The U.S. Cybersecurity and Infrastructure Security Agency (CISA) has included a critical vulnerability affecting GitLab in its Known Exploited Vulnerabilities (KEV) catalog due to ongoing exploitation in the wild.
Known as CVE-2023-7028 (CVSS score: 10.0), this high-severity vulnerability could enable account takeover by sending password reset emails to an unverified email address.
GitLab disclosed details of this issue in January, revealing that it was introduced in version 16.1.0 on May 1, 2023.
“Within these versions, all authentication mechanisms are affected,” the company stated. “Additionally, users with two-factor authentication enabled are susceptible to password reset attacks, although account takeover requires the second authentication factor for login.”
Exploiting this vulnerability could result in severe consequences, allowing an attacker not only to gain control of a GitLab user account but also to steal sensitive information, credentials, and potentially inject malicious code into source code repositories, leading to supply chain attacks.
“For example, an attacker gaining access to the CI/CD pipeline configuration could insert malicious code to extract sensitive data like Personally Identifiable Information (PII) or authentication tokens, redirecting them to a server controlled by the attacker,” explained cloud security firm Mitiga in a recent report.
“Likewise, modifying repository code could involve inserting malware compromising system integrity or introducing backdoors for unauthorized access.
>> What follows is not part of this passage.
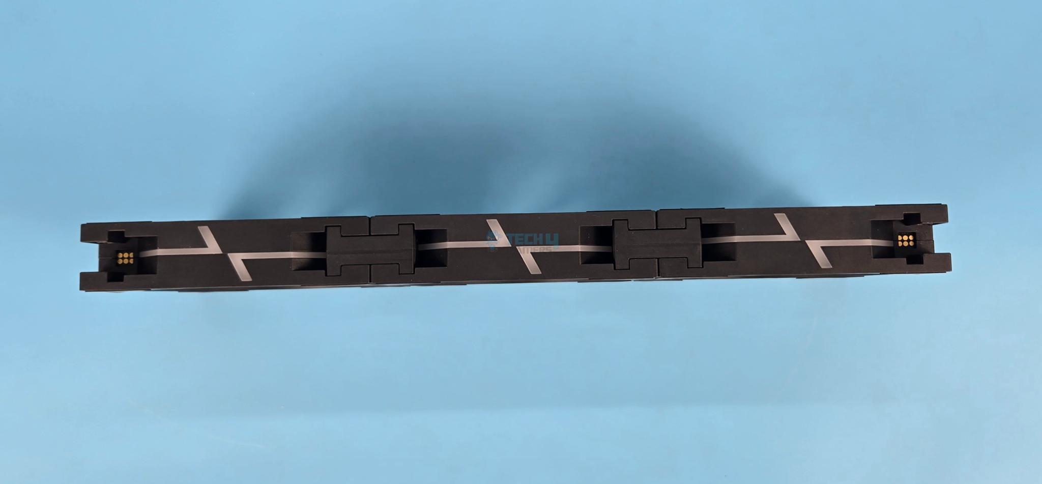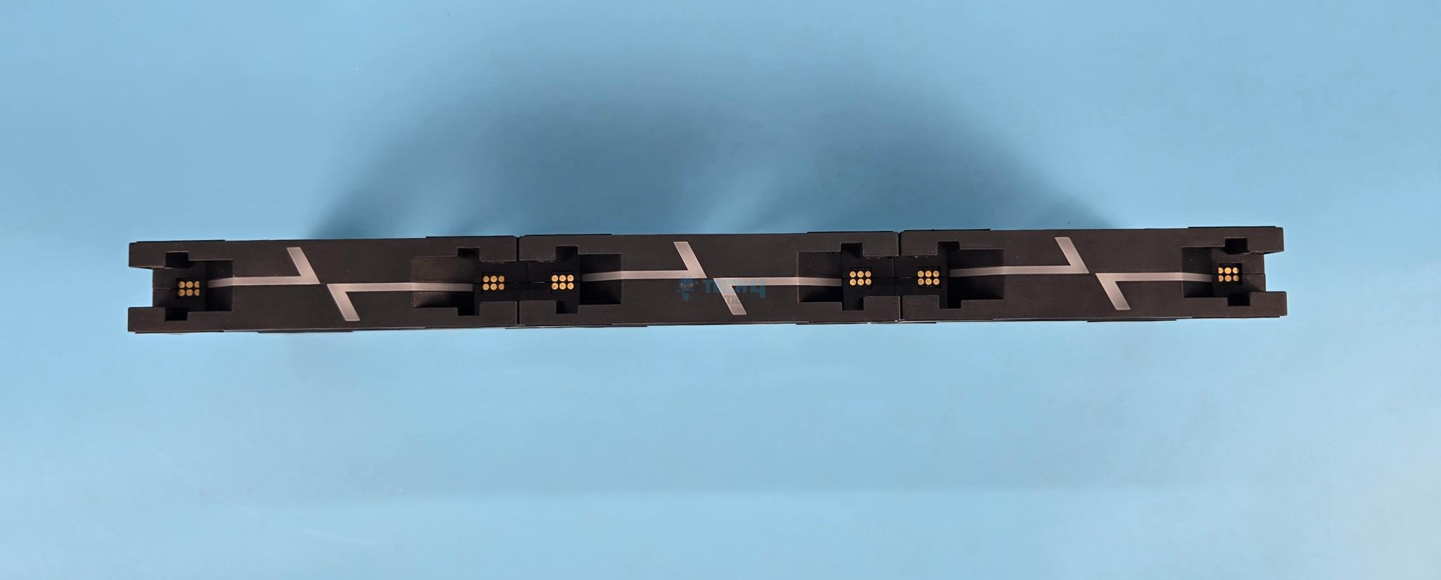 These are actual contact points to transfer the signal and power. But they have another function, which is they add much-needed strength to the interconnected fans. Once these blocks are installed, we have a strong union on the assembly.
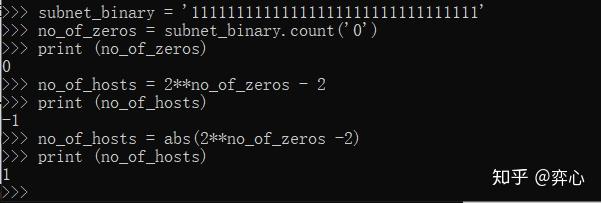 no_of_hosts = abs(2 ** no_of_zeros - 2) #当掩码为/32时,2的0次方减1等于-1,需要用abs()函数将其转换成正数1.

Malicious code or misuse of the pipeline could result in data theft, disruption of code, unauthorized access, and supply chain attacks.”
The vulnerability has been patched in GitLab versions 16.5.6, 16.6.4, and 16.7.2, with the patches also applied to earlier versions 16.1.6, 16.2.9, 16.3.7, and 16.4.5.
CISA has not provided additional details regarding how the vulnerability is being exploited in real-world attacks. However, given the active exploitation, federal agencies are mandated to apply the latest fixes by May 22, 2024, to safeguard their networks.